1.Onderzoek ter terechtzitting

De rechtbank heeft beraadslaagd naar aanleiding van het onderzoek op de terechtzitting achter gesloten deuren van 10 november 2022.
De rechtbank heeft kennisgenomen van de vordering van de officier van justitie mr. D. Jironet-Loewe en van wat verdachte en zijn raadsman, mr.

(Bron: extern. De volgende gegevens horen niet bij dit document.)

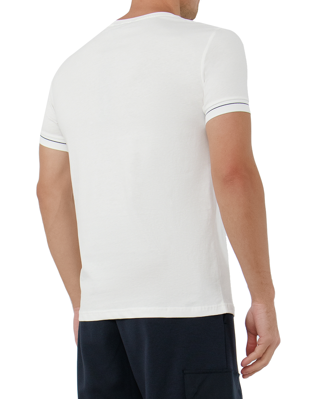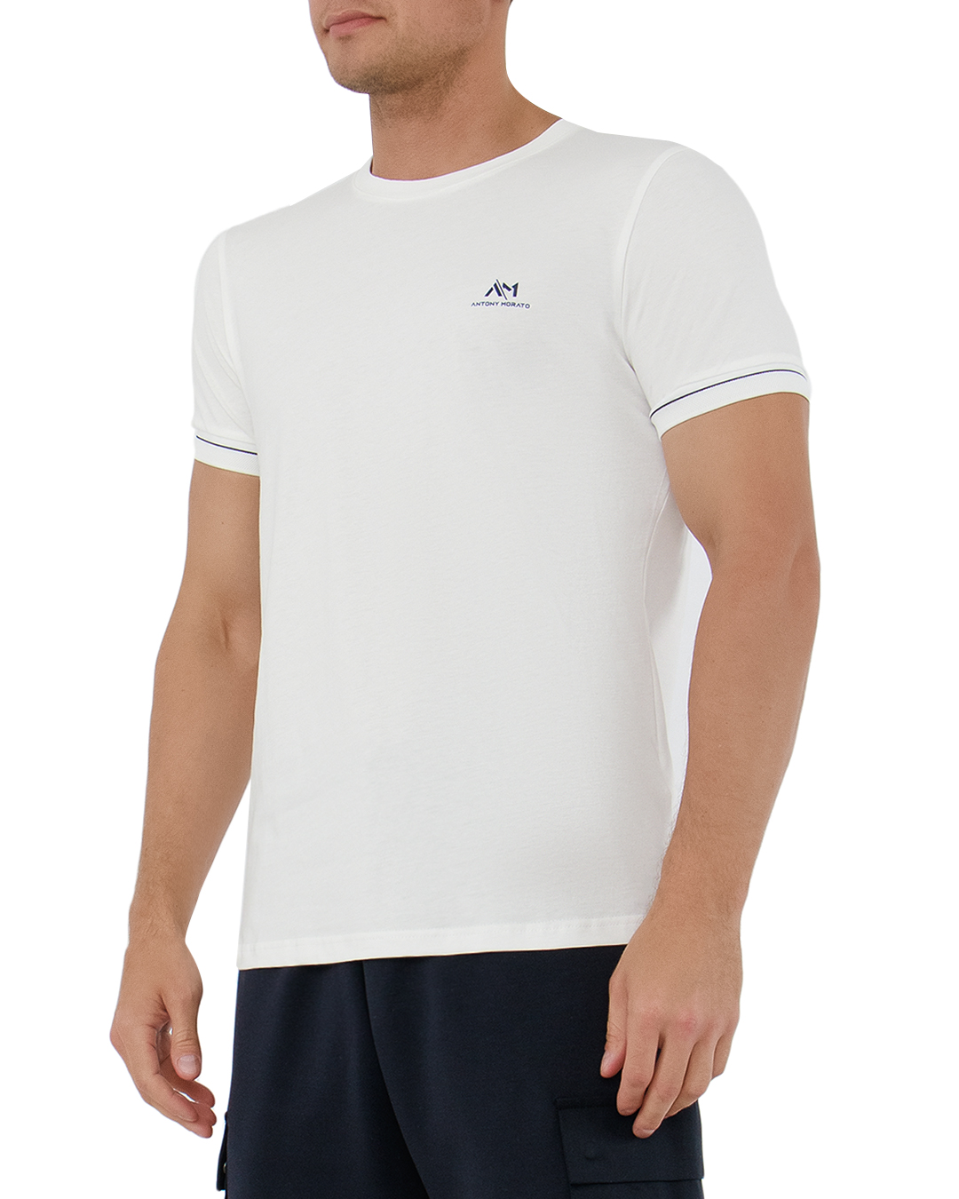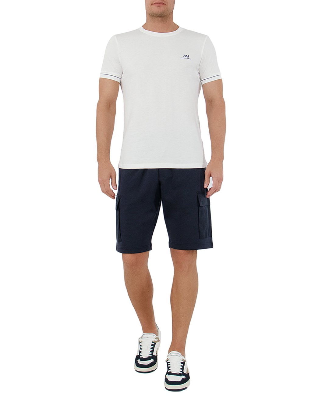 Эта футболка — образец изысканного минимализма и свежего стиля. Ее чистый белый цвет олицетворяет чистоту и утонченность, создавая фон для других деталей гардероба. Лаконичный крой поддерживает идеальную посадку и позволяет свободно двигаться, сохраняя при этом элегантный силуэт. Мягкая на ощупь ткань обеспечивает комфорт и воздухопроницаемость, делая эту футболку идеальным выбором для повседневной носки. Контрастная отделка на манжетах добавляет современный акцент, привнося легкую динамику в общий вид. Утонченный логотип на груди служит сдержанной деталью, акцентируя внимание на бренде и подчеркивая эксклюзивность. Этот предмет гардероба станет универсальной основой для вашего стиля, прекрасно сочетаясь с различными элементами — от джинсов до шорт, внося в образ свежесть и утонченный шарм.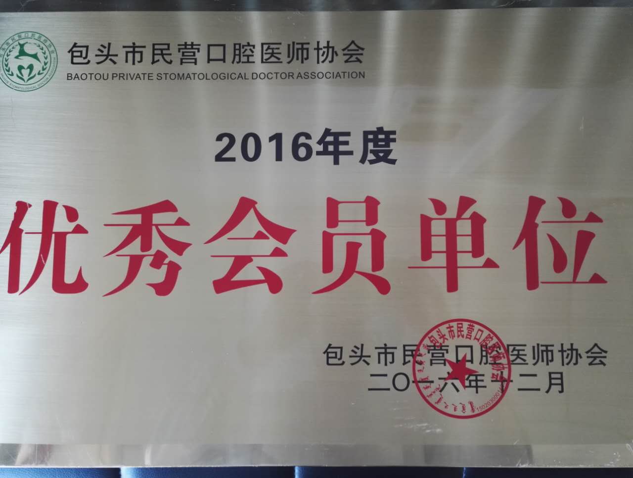 贾氏口腔高新店荣获2016年包头市民营口腔医师协会优秀会员单位称号。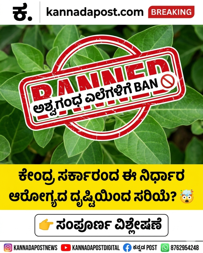 ಆಹಾರಪದಾರ್ಥಗಳಲ್ಲಿ Ashwagandha ಅಶ್ವಗಂಧ ಎಲೆಗಳ ಬಳಕೆಯನ್ನು ನಿಷೇಧಿಸುವ ಕುರಿತು ಕೇಂದ್ರ ಸರ್ಕಾರ ಕೈಗೊಂಡಿರುವ ನಿರ್ಧಾರವು ಆರೋಗ್ಯ, ಆಯುರ್ವೇದ ಮತ್ತು ಆಹಾರ ಸುರಕ್ಷತೆ ನಡುವಿನ ಸೂಕ್ಷ್ಮ ಸಮತೋಲನವನ್ನು ಮತ್ತೆ ಚರ್ಚೆಗೆ ತಂದಿದೆ. ಈ ವಿಷಯದ ಸವಿಸ್ತಾರ ವಿಶ್ಲೇಷಣೆಯನ್ನು ನೋಡೋಣ.

E.J. van Gils, naar voren hebben gebracht.
Voorts heeft de rechtbank kennisgenomen van wat onder meer door mevrouw [persoon 1], namens Jeugdbescherming Regio Amsterdam (hierna: JBRA), mevrouw [persoon 2], namens IFA (Levvel) en door de moeder van verdachte naar voren is gebracht.

2.Tenlastelegging

Aan verdachte is – kort gezegd – ten laste gelegd dat hij zich heeft schuldig gemaakt aan
onder 1:
op 8 september 2022 te Amsterdam poging zware mishandeling met voorbedachten rade van [persoon 3], subsidiair ten laste gelegd als mishandeling met voorbedachten rade van deze [persoon 3];
onder 2:
op 8 september 2022 te Amsterdam diefstal van een telefoon toebehorende aan [persoon 3], subsidiair ten laste gelegd als de vernieling van deze telefoon;
onder 3:
op 8 september 2022 te Amsterdam voorhanden hebben van een wapen van categorie IV, te weten een mes.
De tekst van de integrale tenlastelegging is opgenomen in een bijlage die aan dit vonnis is gehecht en geldt als hier ingevoegd.

3.Voorvragen

De dagvaarding is geldig, deze rechtbank is bevoegd tot kennisneming van de ten laste gelegde feiten en de officier van justitie is ontvankelijk. Er zijn geen redenen voor schorsing van de vervolging.

4.Vrijspraak

Ten aanzien van het onder 2 ten laste gelegde feit:
De officier van justitieheeft vrijspraak gevorderd voor de primair ten laste gelegde diefstal. De subsidiair ten laste gelegde vernieling van de telefoon kan volgens de officier van justitie wettig en overtuigend bewezen worden. Met het in een worsteling pakken van de telefoon heeft verdachte de aanmerkelijke kans aanvaard dat deze telefoon vernield zou kunnen worden.
De raadsman van verdachteheeft vrijspraak bepleit voor zowel het primair als subsidiair ten laste gelegde feit.
De rechtbankoverweegt als volgt.
De rechtbank is, met de officier van justitie en de raadsman, van oordeel dat verdachte dient te worden vrijgesproken van de primair ten laste gelegde diefstal. Verdachte heeft verklaard dat hij de telefoon van aangever wilde afpakken om de filmpjes, die aangever een dag eerder van verdachte had gemaakt te verwijderen. Verdachte heeft hiermee geen opzet gehad op het wegnemen van de telefoon.
De rechtbank zal verdachte eveneens vrijspreken van de subsidiair ten laste gelegde vernieling. Voor het feit dat verdachte de telefoon op de grond zou hebben gegooid, zoals door aangever is verklaard, is geen steunbewijs in het dossier aanwezig. De rechtbank gaat er vanuit dat de telefoon tijdens de worsteling tussen verdachte en aangever op de grond terecht is gekomen en daardoor beschadigd is geraakt. Niet gebleken is dat er bij verdachte sprake was van (voorwaardelijk) opzet op de vernieling van de telefoon. De rechtbank acht daarom niet wettig en overtuigend bewezen dat verdachte de vernieling heeft gepleegd, zodat verdachte daarvan wordt vrijgesproken.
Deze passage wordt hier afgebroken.